For example, the misclassification candidate group selection unit 220 may select important intent from the entire intent set. Herein, the important intent refers to intent which is common to all data sets. The misclassification candidate group selection unit 220 may be configured to generate three intent sets n1, n2, and n3 from the entire intent set N. The entire intent set N is the set of all pieces of intent that the system may understand and process. The intent sets n1, n2, and n3 contain important intent, but each contain other, less important intent. The misclassification candidate group selection unit 220 may train one or more models using the intent sets n1, n2, and n3 as data sets, respectively.


The misclassification candidate group selection unit 220 may connect one or more trained intent classifiers in parallel.


The misclassification candidate group selection unit 220 may connect one or more intent classifiers trained using, for example, the first training method in parallel. The misclassification candidate group selection unit 220 may connect one or more intent classifiers trained using, for example, the second training method in parallel. The misclassification candidate group selection unit 220 may connect one or more intent classifiers trained using, for example, the third training method in parallel.

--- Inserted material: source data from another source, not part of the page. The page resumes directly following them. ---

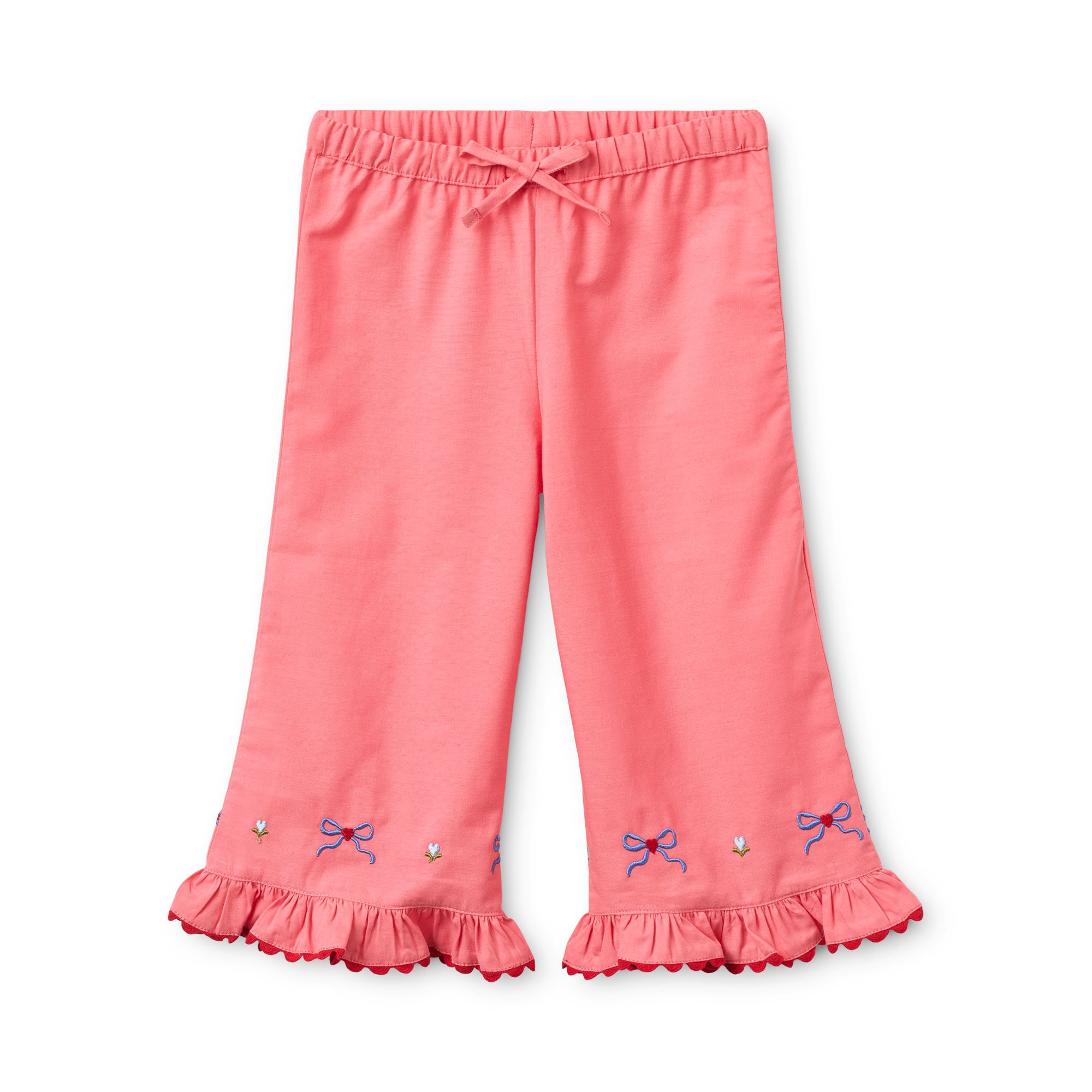 Rosa Pants are in 100% cotton with cute embroideries along bottom hem. The pants have a relaxed wide leg fit and elastic waistband with string.
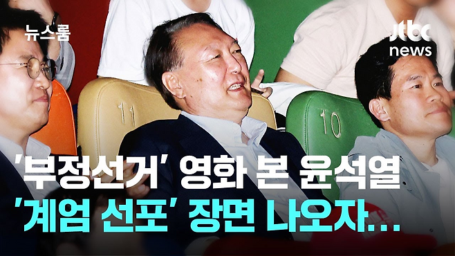 - 영화를 보다가 졸고 있는 모습이 찍히기도 했지만 비상계엄을 선포하는 장면에서 활짝 웃으면서 박수를 치기도 했다.
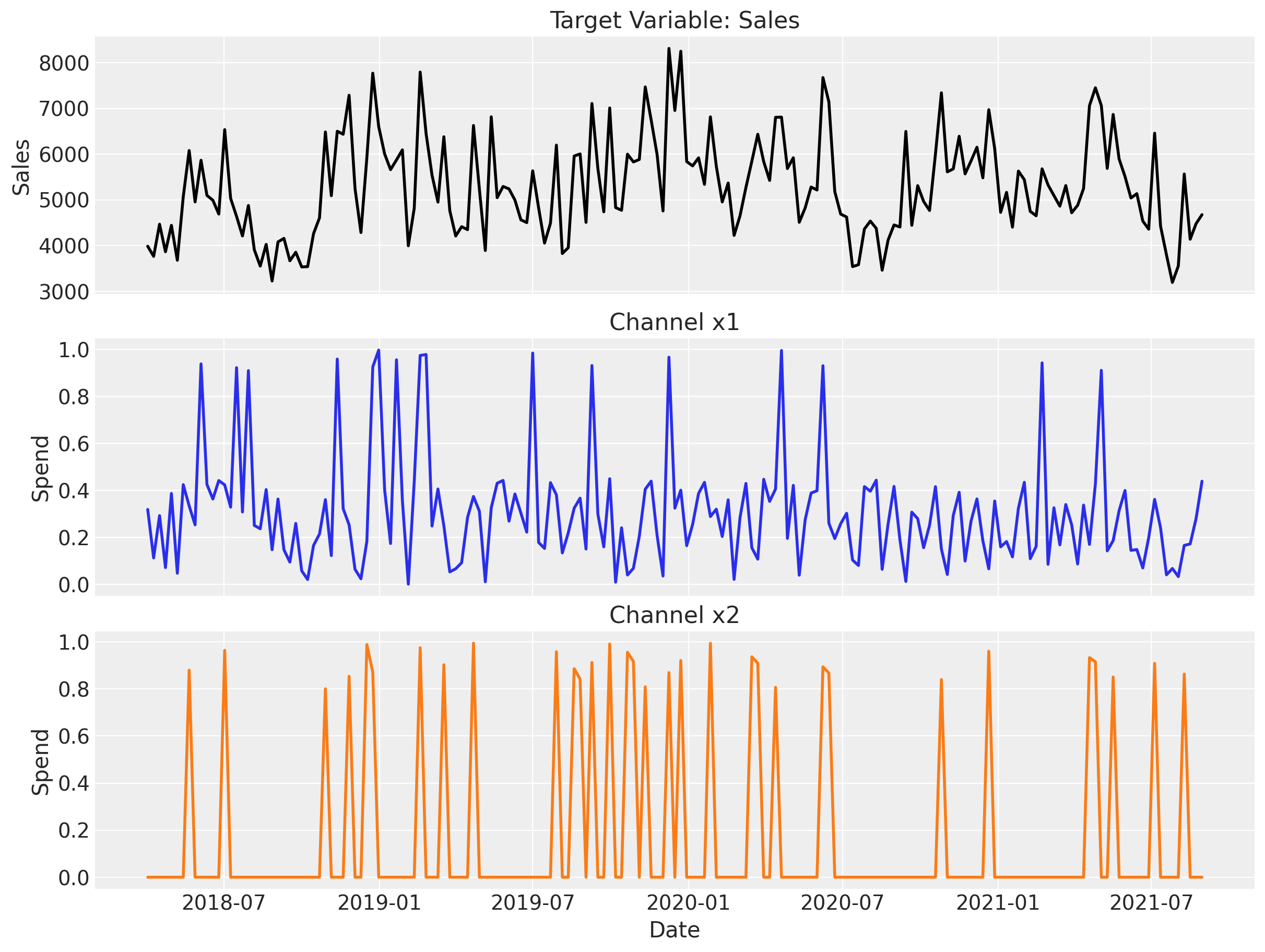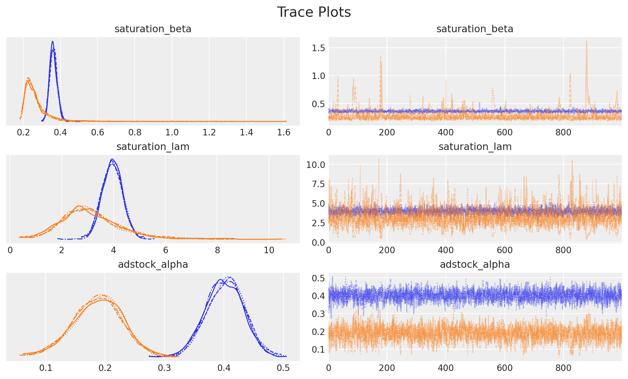 Let’s see how we can fit a basic MMM model to understand these effects and measure channel contributions.
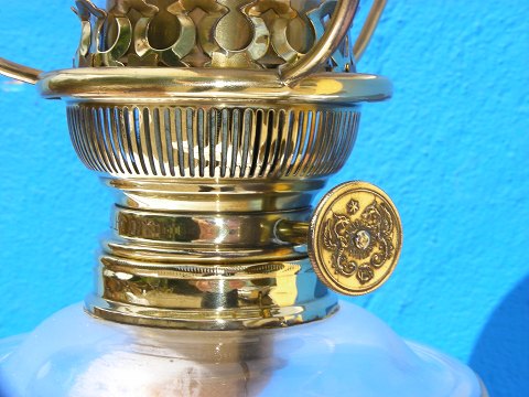 Beskrivelse: Petroleums bordlampe med fod af guldbemalet jern, glasbeholder og fin gammel opalinekuppel fra Holmegaard. Højde 57cm. Fin stand. Klitsantik garanterer for funktionaliteten.
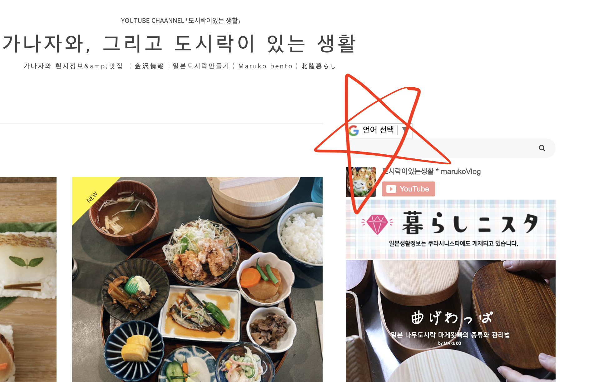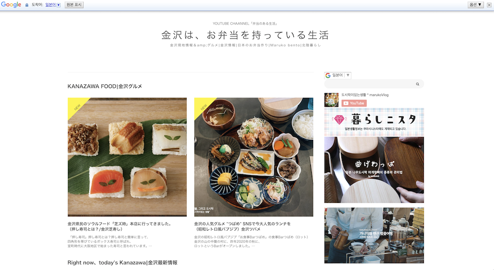 가장 많이 사용하는 영어와 일본어로 페이지를 변경해 캡쳐해봤는데요. 타이틀도 그렇고 번역이 잘못된 부분을 상당히 많이 발견할 수 있었던 단점(?)도 있지만 (일본어로는 "가나자와는 도시락을 가지고 있는 생활"로 해석되버렸네요/웃음/) 번역이 잘되도록 한국어를 좀더 간결하게 기재해서 수정해볼까합니다. 왼쪽은 영어로 번역된 페이지, 오른쪽은 일본어로 번역된 페이지예요. 페이지에 접속한 외국인이 잘 모르는 언어들로 가득한 페이지에 접속한것을 자신이 느낄때에 사진만 눈에 들어와 대충 훓게되는 상황과, 오류가 좀 있더라도 구글 번역 버튼을 인식하고 자국의 언어를 선택해 조금이라도 더 친근함을 느낄수있도록 블로그 자체 내에서 준비하는 것은 2021년이라는 시대에, 그리고 앞으로도 꼭 중요한 기능이 아닐까 라는 생각이 들기도합니다.

The misclassification candidate group selection unit 220 may connect one or more intent classifiers trained using, for example, the fourth training method in parallel.


The misclassification candidate group selection unit 220 may be configured to predict the intent of an utterance from the same input sentence using a trained intent classifier. Additionally, the prediction results of each intent classifier may be collected.


The misclassification candidate group selection unit 220 may evaluate how multiple the prediction results are and select a misclassification candidate group which may cause an error.


The misclassification candidate group selection unit 220 may select misclassification candidate groups that are prone to errors from the results of different intent classifiers.


In the exemplary embodiment of the present disclosure, the method of selecting misclassification candidate groups may include a first selection method to find sentences with a high possibility of misclassification by sorting the same in the order of the most different prediction results, a second selection method to find sentences with a high possibility of misclassification by grouping and sorting sentences with the most different prediction results in order of most frequent intent, and a third selection method to find sentences with a high possibility of misclassification by analyzing the similarity between sub-words of the prediction results and sorting the same in descending order of similarity.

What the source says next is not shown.